Dataset excerpts:
====================

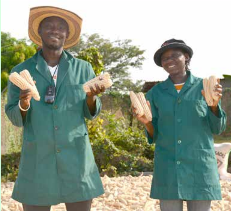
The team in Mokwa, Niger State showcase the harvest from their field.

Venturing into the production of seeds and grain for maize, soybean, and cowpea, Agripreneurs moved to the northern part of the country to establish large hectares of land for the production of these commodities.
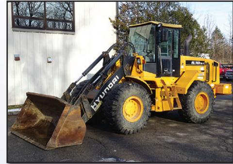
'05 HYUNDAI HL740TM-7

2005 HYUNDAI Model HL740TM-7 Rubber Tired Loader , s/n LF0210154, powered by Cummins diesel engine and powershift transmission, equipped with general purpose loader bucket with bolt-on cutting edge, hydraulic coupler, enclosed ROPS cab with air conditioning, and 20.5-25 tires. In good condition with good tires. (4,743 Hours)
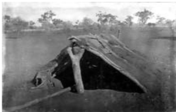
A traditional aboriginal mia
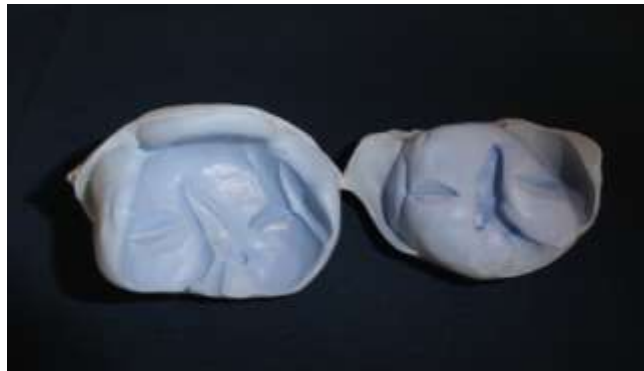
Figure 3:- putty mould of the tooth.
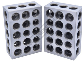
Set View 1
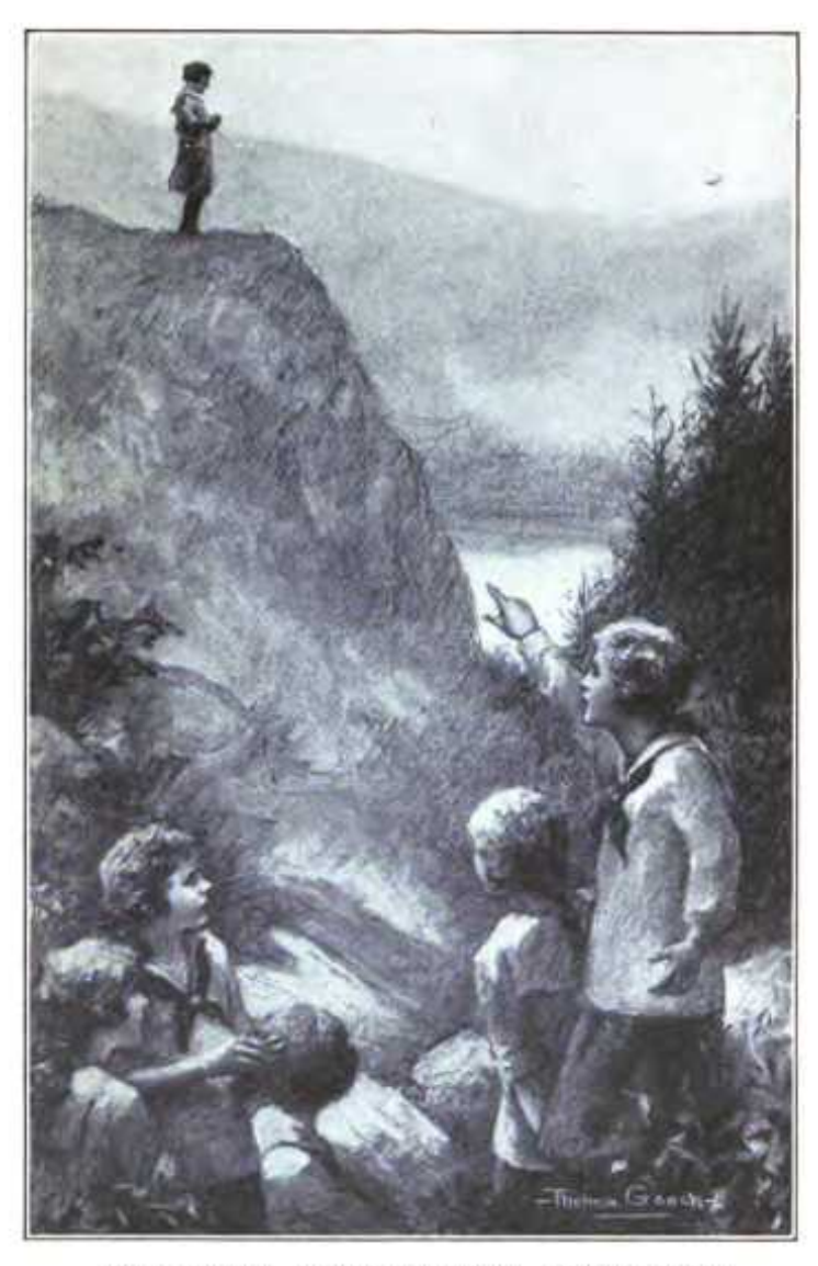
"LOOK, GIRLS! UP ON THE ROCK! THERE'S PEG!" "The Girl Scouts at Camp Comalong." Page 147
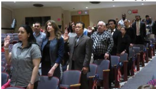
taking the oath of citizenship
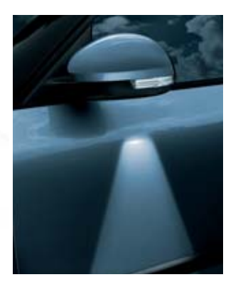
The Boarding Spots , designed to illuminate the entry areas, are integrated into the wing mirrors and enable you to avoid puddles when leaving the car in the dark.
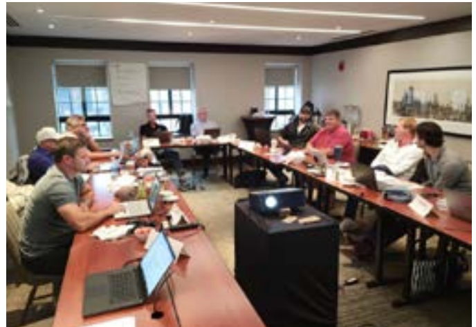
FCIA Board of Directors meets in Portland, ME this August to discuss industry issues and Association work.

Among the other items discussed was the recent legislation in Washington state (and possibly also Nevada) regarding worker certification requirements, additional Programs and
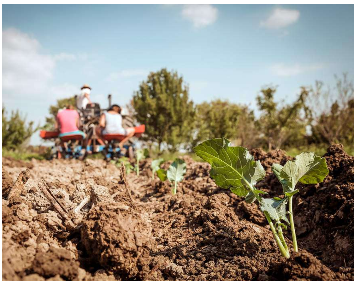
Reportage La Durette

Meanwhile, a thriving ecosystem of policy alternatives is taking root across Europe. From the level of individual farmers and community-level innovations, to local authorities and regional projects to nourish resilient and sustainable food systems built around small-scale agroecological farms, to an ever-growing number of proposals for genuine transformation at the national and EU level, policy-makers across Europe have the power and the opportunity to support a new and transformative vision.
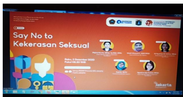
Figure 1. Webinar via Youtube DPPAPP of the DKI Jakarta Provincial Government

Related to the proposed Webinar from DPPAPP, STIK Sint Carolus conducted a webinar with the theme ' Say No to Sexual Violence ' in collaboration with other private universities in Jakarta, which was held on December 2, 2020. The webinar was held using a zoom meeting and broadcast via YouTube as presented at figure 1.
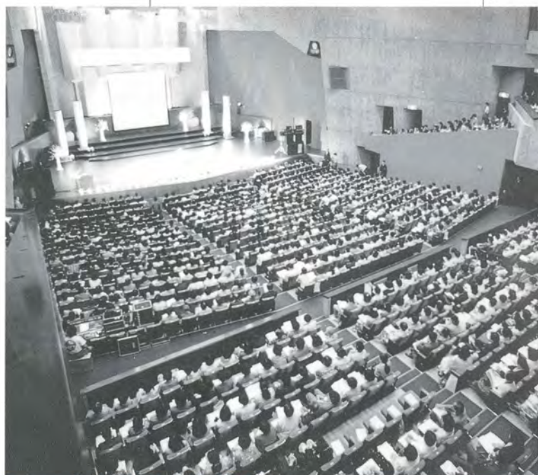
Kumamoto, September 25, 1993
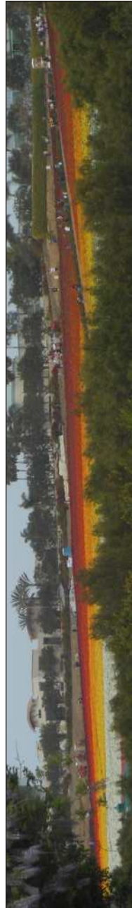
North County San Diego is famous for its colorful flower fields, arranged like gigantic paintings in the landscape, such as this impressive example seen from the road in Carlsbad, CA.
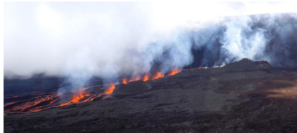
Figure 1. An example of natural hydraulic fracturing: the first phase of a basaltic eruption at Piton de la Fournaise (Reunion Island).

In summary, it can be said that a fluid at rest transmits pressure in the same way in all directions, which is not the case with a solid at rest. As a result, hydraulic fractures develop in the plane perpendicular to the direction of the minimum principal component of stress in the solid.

====================

■ **About this exercise**
Note each line above that contains "Jakarta" and copy it out.

■ **Solution to this task**
Figure 1. Webinar via Youtube DPPAPP of the DKI Jakarta Provincial Government
Related to the proposed Webinar from DPPAPP, STIK Sint Carolus conducted a webinar with the theme ' Say No to Sexual Violence ' in collaboration with other private universities in Jakarta, which was held on December 2, 2020. The webinar was held using a zoom meeting and broadcast via YouTube as presented at figure 1.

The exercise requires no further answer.